• _EXERCISE_
Every record is to be printed exactly as it appears.

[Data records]
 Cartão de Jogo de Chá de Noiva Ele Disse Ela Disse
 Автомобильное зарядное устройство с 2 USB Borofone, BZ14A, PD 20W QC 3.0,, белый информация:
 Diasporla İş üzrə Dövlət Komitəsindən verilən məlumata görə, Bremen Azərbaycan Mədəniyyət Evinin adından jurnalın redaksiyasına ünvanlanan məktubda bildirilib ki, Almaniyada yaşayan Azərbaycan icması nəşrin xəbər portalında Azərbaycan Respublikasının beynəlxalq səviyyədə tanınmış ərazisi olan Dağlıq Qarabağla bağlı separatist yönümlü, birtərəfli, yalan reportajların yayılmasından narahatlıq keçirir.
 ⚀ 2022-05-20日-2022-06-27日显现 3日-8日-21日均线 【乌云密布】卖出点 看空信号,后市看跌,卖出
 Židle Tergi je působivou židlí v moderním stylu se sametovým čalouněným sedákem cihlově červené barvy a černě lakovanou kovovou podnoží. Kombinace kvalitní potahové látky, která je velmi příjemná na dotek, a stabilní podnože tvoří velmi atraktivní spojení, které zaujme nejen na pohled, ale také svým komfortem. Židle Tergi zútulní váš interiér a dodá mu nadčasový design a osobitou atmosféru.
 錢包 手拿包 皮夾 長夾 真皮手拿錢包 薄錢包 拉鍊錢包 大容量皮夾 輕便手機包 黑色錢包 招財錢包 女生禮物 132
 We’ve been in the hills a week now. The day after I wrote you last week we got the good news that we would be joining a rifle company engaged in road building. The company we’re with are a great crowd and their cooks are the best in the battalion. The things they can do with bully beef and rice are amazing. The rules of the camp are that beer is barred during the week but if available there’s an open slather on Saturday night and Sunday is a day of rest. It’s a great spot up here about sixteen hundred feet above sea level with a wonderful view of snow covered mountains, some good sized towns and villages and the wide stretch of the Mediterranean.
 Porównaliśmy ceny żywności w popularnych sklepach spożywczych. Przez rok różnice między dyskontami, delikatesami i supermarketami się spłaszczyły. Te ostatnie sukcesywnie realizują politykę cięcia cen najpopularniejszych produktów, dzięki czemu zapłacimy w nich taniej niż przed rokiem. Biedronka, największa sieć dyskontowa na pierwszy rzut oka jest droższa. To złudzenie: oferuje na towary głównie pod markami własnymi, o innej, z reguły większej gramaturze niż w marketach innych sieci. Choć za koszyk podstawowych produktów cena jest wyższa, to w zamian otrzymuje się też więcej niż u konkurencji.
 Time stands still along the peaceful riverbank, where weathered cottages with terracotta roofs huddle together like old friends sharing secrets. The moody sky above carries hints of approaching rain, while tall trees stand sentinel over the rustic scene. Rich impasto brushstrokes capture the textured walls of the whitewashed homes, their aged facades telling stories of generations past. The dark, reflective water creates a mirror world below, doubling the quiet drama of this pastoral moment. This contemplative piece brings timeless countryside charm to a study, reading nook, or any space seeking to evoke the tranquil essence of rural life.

• _SOLUTION_
 Cartão de Jogo de Chá de Noiva Ele Disse Ela Disse
 Автомобильное зарядное устройство с 2 USB Borofone, BZ14A, PD 20W QC 3.0,, белый информация:
 Diasporla İş üzrə Dövlət Komitəsindən verilən məlumata görə, Bremen Azərbaycan Mədəniyyət Evinin adından jurnalın redaksiyasına ünvanlanan məktubda bildirilib ki, Almaniyada yaşayan Azərbaycan icması nəşrin xəbər portalında Azərbaycan Respublikasının beynəlxalq səviyyədə tanınmış ərazisi olan Dağlıq Qarabağla bağlı separatist yönümlü, birtərəfli, yalan reportajların yayılmasından narahatlıq keçirir.
 ⚀ 2022-05-20日-2022-06-27日显现 3日-8日-21日均线 【乌云密布】卖出点 看空信号,后市看跌,卖出
 Židle Tergi je působivou židlí v moderním stylu se sametovým čalouněným sedákem cihlově červené barvy a černě lakovanou kovovou podnoží. Kombinace kvalitní potahové látky, která je velmi příjemná na dotek, a stabilní podnože tvoří velmi atraktivní spojení, které zaujme nejen na pohled, ale také svým komfortem. Židle Tergi zútulní váš interiér a dodá mu nadčasový design a osobitou atmosféru.
 錢包 手拿包 皮夾 長夾 真皮手拿錢包 薄錢包 拉鍊錢包 大容量皮夾 輕便手機包 黑色錢包 招財錢包 女生禮物 132
 We’ve been in the hills a week now. The day after I wrote you last week we got the good news that we would be joining a rifle company engaged in road building. The company we’re with are a great crowd and their cooks are the best in the battalion. The things they can do with bully beef and rice are amazing. The rules of the camp are that beer is barred during the week but if available there’s an open slather on Saturday night and Sunday is a day of rest. It’s a great spot up here about sixteen hundred feet above sea level with a wonderful view of snow covered mountains, some good sized towns and villages and the wide stretch of the Mediterranean.
 Porównaliśmy ceny żywności w popularnych sklepach spożywczych. Przez rok różnice między dyskontami, delikatesami i supermarketami się spłaszczyły. Te ostatnie sukcesywnie realizują politykę cięcia cen najpopularniejszych produktów, dzięki czemu zapłacimy w nich taniej niż przed rokiem. Biedronka, największa sieć dyskontowa na pierwszy rzut oka jest droższa. To złudzenie: oferuje na towary głównie pod markami własnymi, o innej, z reguły większej gramaturze niż w marketach innych sieci. Choć za koszyk podstawowych produktów cena jest wyższa, to w zamian otrzymuje się też więcej niż u konkurencji.
 Time stands still along the peaceful riverbank, where weathered cottages with terracotta roofs huddle together like old friends sharing secrets. The moody sky above carries hints of approaching rain, while tall trees stand sentinel over the rustic scene. Rich impasto brushstrokes capture the textured walls of the whitewashed homes, their aged facades telling stories of generations past. The dark, reflective water creates a mirror world below, doubling the quiet drama of this pastoral moment. This contemplative piece brings timeless countryside charm to a study, reading nook, or any space seeking to evoke the tranquil essence of rural life.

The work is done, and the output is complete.